Gratiola pilosa

Scientific classification
- Kingdom: Plantae
- Clade: Embryophytes
- Clade: Tracheophytes
- Clade: Spermatophytes
- Clade: Angiosperms
- Clade: Eudicots
- Clade: Asterids
- Order: Lamiales
- Family: Plantaginaceae
- Genus: Gratiola
- Species: G. pilosa
- Binomial name: Gratiola pilosa (Michx.) Small

= Gratiola pilosa =

- Genus: Gratiola
- Species: pilosa
- Authority: (Michx.) Small

Species of plant

Gratiola pilosa, commonly known as shaggy hedge-hyssop, is a perennial forb in the family Plantaginaceae native to the United States.

== Description ==
Gratiola pilosa is a stiff, erect, usually unbranched perennial herb, growing 10–70 cm tall, with pilose stems about 1–2 mm in diameter. The leaves are opposite, sessile, and ovate to ovate-lanceolate, measuring 1.2–2 cm long and 5–11 mm wide. They are entire or irregularly serrate, hairy, and often dotted with glandular punctations. Flowers are solitary in the axils of leafy bracts, typically with a pair of small bractlets just below the calyx. The flowers are sessile or nearly so, with pedicels less than 1 mm long. The sepals are linear to linear-lanceolate, 3–7 mm long, pubescent, and subequal, usually exceeded by linear bractlets.

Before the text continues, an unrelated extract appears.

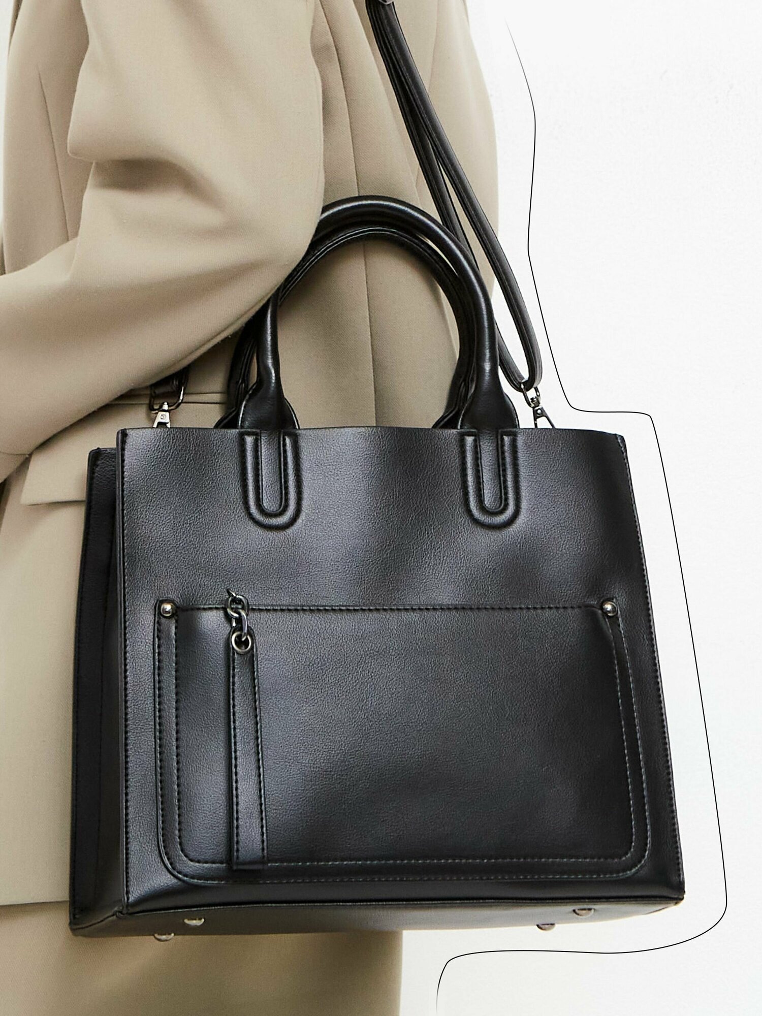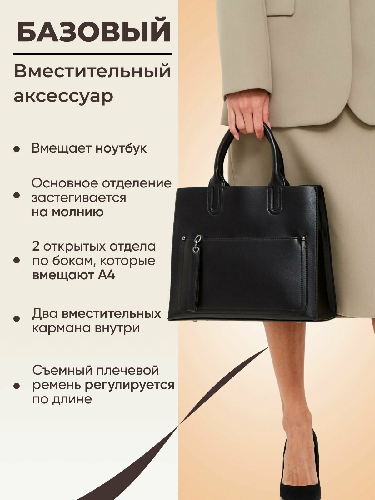 Сумка женская через плечо большая кожаная тоут натуральная прессованная кожа черная LILL'SIYA

The corolla is small, 6–8 mm long, white or tinged with lavender. The upper two stamens are fertile, while the lower two are rudimentary or absent; anthers often have a transverse orientation and may be topped with a membranous connective. The fruit is a smooth, conical to globose capsule, 4–5 mm long.

== Distribution and habitat ==
It is found from New Jersey south to South Florida, west to East Texas, and northward in the interior to Kentucky, Tennessee, Arkansas, and eastern Oklahoma. It grows in wet pine savannas, marshes, and other wet areas.